Effective graphql federation monitoring combines three layers: field-level metrics for granular visibility into what's happening across your federated graph, distributed tracing for request-level debugging when something goes wrong, and alerting on per-field latency and error thresholds to catch problems early. OpenTelemetry is the standard that ties these together — it lets you export traces and metrics to whatever observability stack you already run, without locking you into a single vendor.

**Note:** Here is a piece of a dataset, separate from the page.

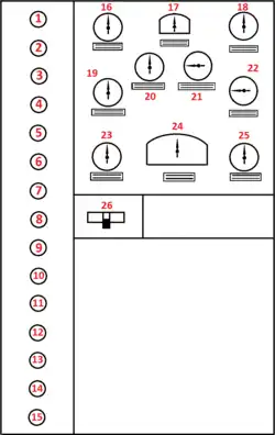 Die Anordnung der Bedieneinrichtungen und Anzeigegeräte ist aus folgender Skizze ersichtlich. 1: Anlassen des Dieselmotors, 2: gesamte Leitung, 3: Kraftstoffpumpe, 4: Scheinwerfer vorn, dunkel, 5: Scheinwerfer vorn hell, 6: Scheinwerfer hinten, dunkel, 7: Scheinwerfer hinten, hell, 8: Fernscheinwerfer, dunkel, 9: Fernscheinwerfer, hell, 10: Führerstandsbeleuchtung, 11: Gerätebeleuchtung, 12: Beleuchtung hintere Maschinenabdeckung, 13: Beleuchtung der Geräte, 14: Beleuchtung des Maschinenraumes, 15: Elektromotor, Ventilator, Heizung der Kabine, 16: Thermometer Öltemperatur, 17: Strommesser Batterie, 18: Manometer Hauptluftleitung, 19: Öltemperatur nach Kühlung, 20: Öldruckmanometer, 21: Kraftstoffdruckmanometer, 22: Manometer Druck im Brennstoffbehälter, 23: Kühlwassertemperatur, 24: Luftdruck, 25: Zeit, 26: Umschalter elektrische Fahrmotoren (Reihe, parallel)
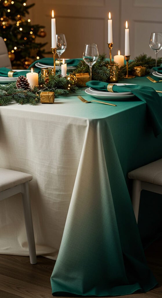 A beautifully set Christmas table featuring an ombre tablecloth that transitions from deep green to soft ivory. The table is adorned with gradient napkins and elegant tableware, creating a sophisticated and festive atmosphere. Soft lighting adds warmth to the scene, enhancing the enchanting and unforgettable vibe of the tablescape.

Metrics aggregate: how often a field is queried, its average latency, its error rate over time. Traces show individual request paths: this specific query took 800ms because the `author` field waited on a slow database call in the Users subgraph. You need both. Metrics surface trends and let you spot regressions. Traces let you debug specific incidents and understand exactly where time is spent across subgraphs.
Yes. Open-source federation platforms like Cosmo provide field-level analytics, distributed tracing, and Prometheus metrics export — all under the Apache 2.0 license. Because Cosmo supports native OpenTelemetry export, your observability data flows to whatever backend you choose: Jaeger, Grafana, Datadog, or your own infrastructure. No proprietary dependencies, and you can self-host the entire stack.
Field usage data shows you exactly which fields are actively queried, by which clients, and when they were last accessed. Instead of marking a field as `@deprecated` and hoping for the best, you can check whether any client has queried it in the past month, identify the specific teams that depend on it, and coordinate the migration before you remove it. This evidence base turns deprecation from a guessing game into a defined workflow.